My life has not gone in the direction that I thought it would. 5 short years ago, back in 2007, I was in the middle of college not even sure where I would be in the next 2 years. I am a big picture kind of thinker and I thought I had my life planned. I wanted to go to dental school and my heart was set on a school in Boston. I wanted to be married but Fred was applying for medical school and I knew it would be hard to get into the same school so I wasn't planning on anything. If I had to guess where I would be I would say I would be in dental school and married but I couldn't guarantee it would be to Fred. A child might be in there somewhere but I always thought I wanted to be a working mother, yep I wanted it all: career, family, a great husband.
I never would have guessed what actually happened. I decided to postpone dental school (which now is no-go and I am completely happy with that) get married, move to Missouri, then to Ohio, have a baby, and be a stay at home mom. I love my life, I don't think it could have turned out better. Married my best friend in 2009. I have gotten to live in places I never thought I would have. And 5 months ago I had my son. I am a stay at home mom and I think that is the best job in the world and I hope this is my job for the rest of my life.

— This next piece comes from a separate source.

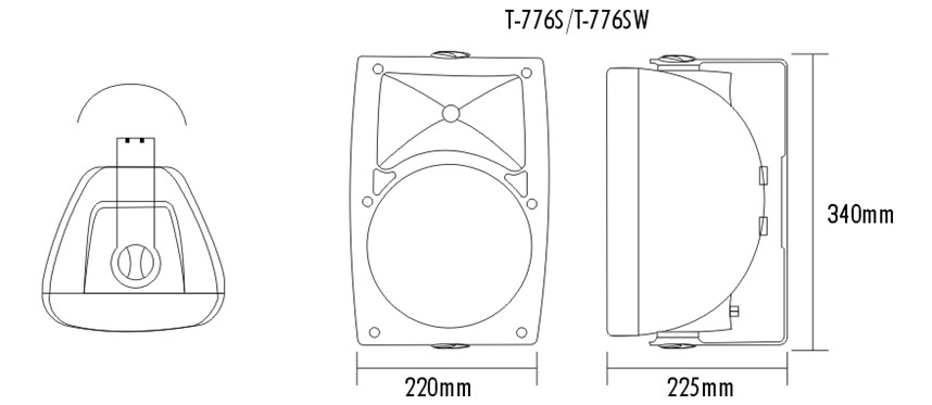 Description: The T-776SW is a wall mount speaker built-in 70v/100v transformer. The 70v/100v transformer technique reduces line losses on longer distance and allows easy parallel connection of multiple loudspeakers. The built-in 6”+1.5” two ways speaker driver is designed of wide frequency response 60-20KHz, the RMS 60W power outputs are suitable for most of the applications. The ABS grille, ABS enclosure and stainless mounting bracket are of black color. Easy and secure wall mount installation through the supplied mounting bracket. It is ideal choice for industrial and commercial applications in hotel, school, office and factory where background music and paging is needed.

It's funny how things work out.
Isn't it funny how things work out? Once upon a time I wanted to go to dental school too! However, that obviously didn't work out and now I am still trying to figure out what I want to be when I "grow up." I am so happy you're happy as a momma, don't ever let anyone tell you its not a job, because it most def. is! You are so great with him!
ReplyDeleteI'm glad you are happy with you life. It is a hard step having your first child but I find that you learn a lot about yourself when you devote your body and basically your entire life to someone else.